A faithful copy is needed of the lines below from the one with "直径3mを超えるビッグサイズ" up to and including the one with "Vi occorrerà innanzitutto"; set it down with no pictures and no other lines.
[Opening DATA IN THIS EXERCISE section]
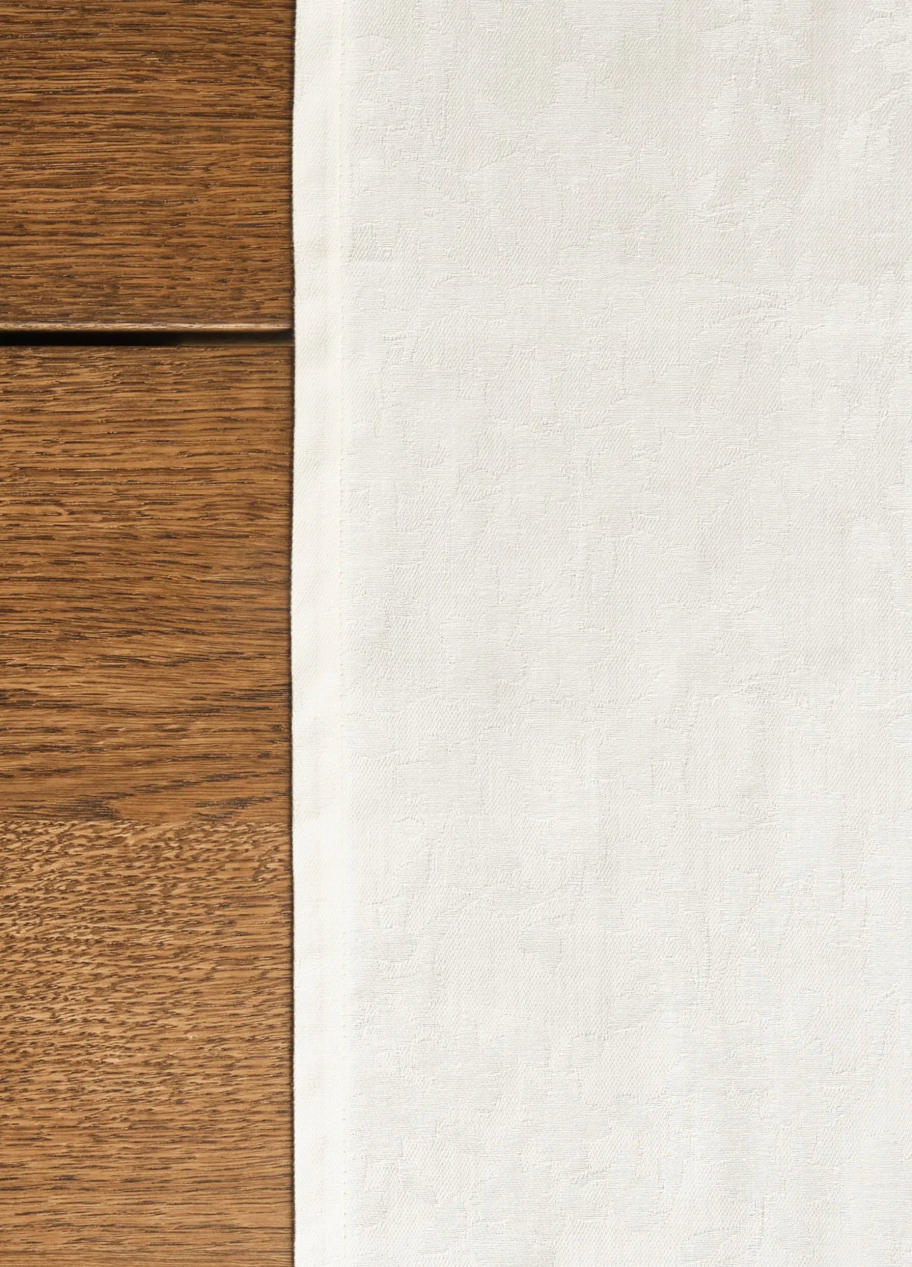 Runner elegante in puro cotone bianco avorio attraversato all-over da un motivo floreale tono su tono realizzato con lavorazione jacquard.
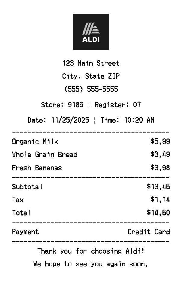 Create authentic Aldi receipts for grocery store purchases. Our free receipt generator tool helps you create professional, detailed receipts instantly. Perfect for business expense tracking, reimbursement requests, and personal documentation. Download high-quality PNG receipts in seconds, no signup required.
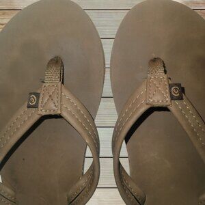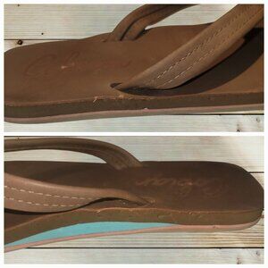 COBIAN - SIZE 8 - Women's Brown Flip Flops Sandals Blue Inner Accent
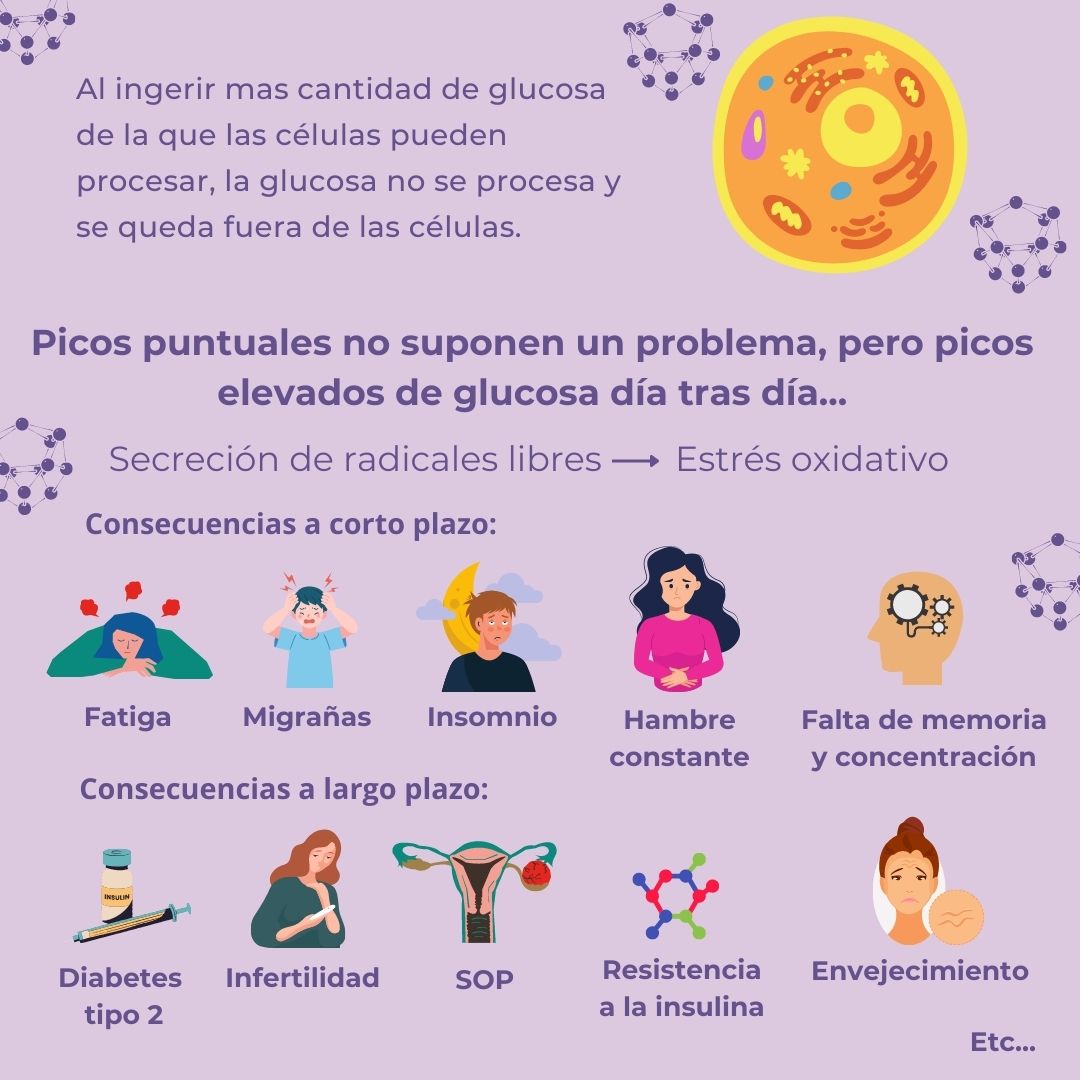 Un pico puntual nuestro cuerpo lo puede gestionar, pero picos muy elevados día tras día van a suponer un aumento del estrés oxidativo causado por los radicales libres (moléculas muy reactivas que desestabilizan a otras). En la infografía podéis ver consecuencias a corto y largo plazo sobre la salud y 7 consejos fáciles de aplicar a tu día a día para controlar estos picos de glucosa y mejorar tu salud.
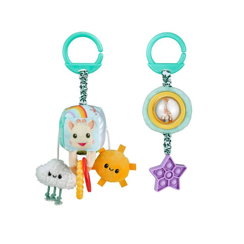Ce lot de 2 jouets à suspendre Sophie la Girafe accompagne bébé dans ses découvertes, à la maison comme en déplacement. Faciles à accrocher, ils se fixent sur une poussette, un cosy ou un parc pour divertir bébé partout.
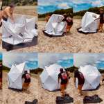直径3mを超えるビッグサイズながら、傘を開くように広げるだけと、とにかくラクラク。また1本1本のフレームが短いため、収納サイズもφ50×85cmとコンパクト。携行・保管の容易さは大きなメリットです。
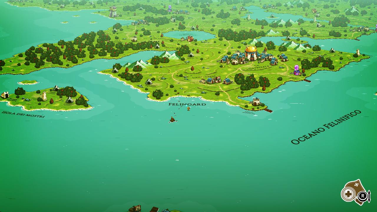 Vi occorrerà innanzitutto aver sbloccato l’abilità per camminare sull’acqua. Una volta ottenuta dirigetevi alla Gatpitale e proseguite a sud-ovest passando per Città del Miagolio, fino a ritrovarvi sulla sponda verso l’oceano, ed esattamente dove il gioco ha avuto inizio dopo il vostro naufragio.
[Closing DATA IN THIS EXERCISE section]
[Opening DATA IN THIS EXERCISE section]
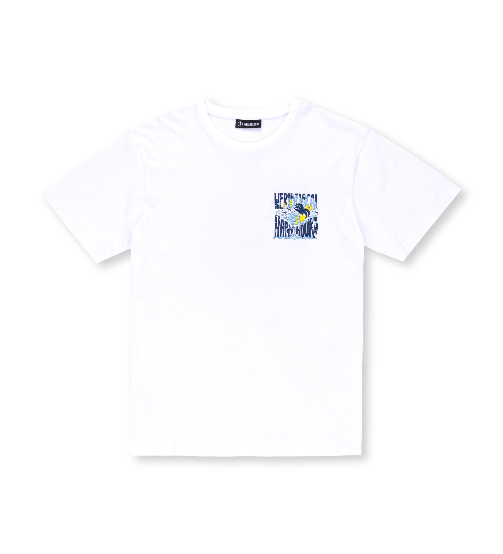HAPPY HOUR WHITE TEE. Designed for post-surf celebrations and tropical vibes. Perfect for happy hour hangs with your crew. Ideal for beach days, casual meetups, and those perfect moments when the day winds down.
[Closing DATA IN THIS EXERCISE section]
## SOLUTION FOR THIS PROBLEM
直径3mを超えるビッグサイズながら、傘を開くように広げるだけと、とにかくラクラク。また1本1本のフレームが短いため、収納サイズもφ50×85cmとコンパクト。携行・保管の容易さは大きなメリットです。
 Vi occorrerà innanzitutto aver sbloccato l’abilità per camminare sull’acqua. Una volta ottenuta dirigetevi alla Gatpitale e proseguite a sud-ovest passando per Città del Miagolio, fino a ritrovarvi sulla sponda verso l’oceano, ed esattamente dove il gioco ha avuto inizio dopo il vostro naufragio.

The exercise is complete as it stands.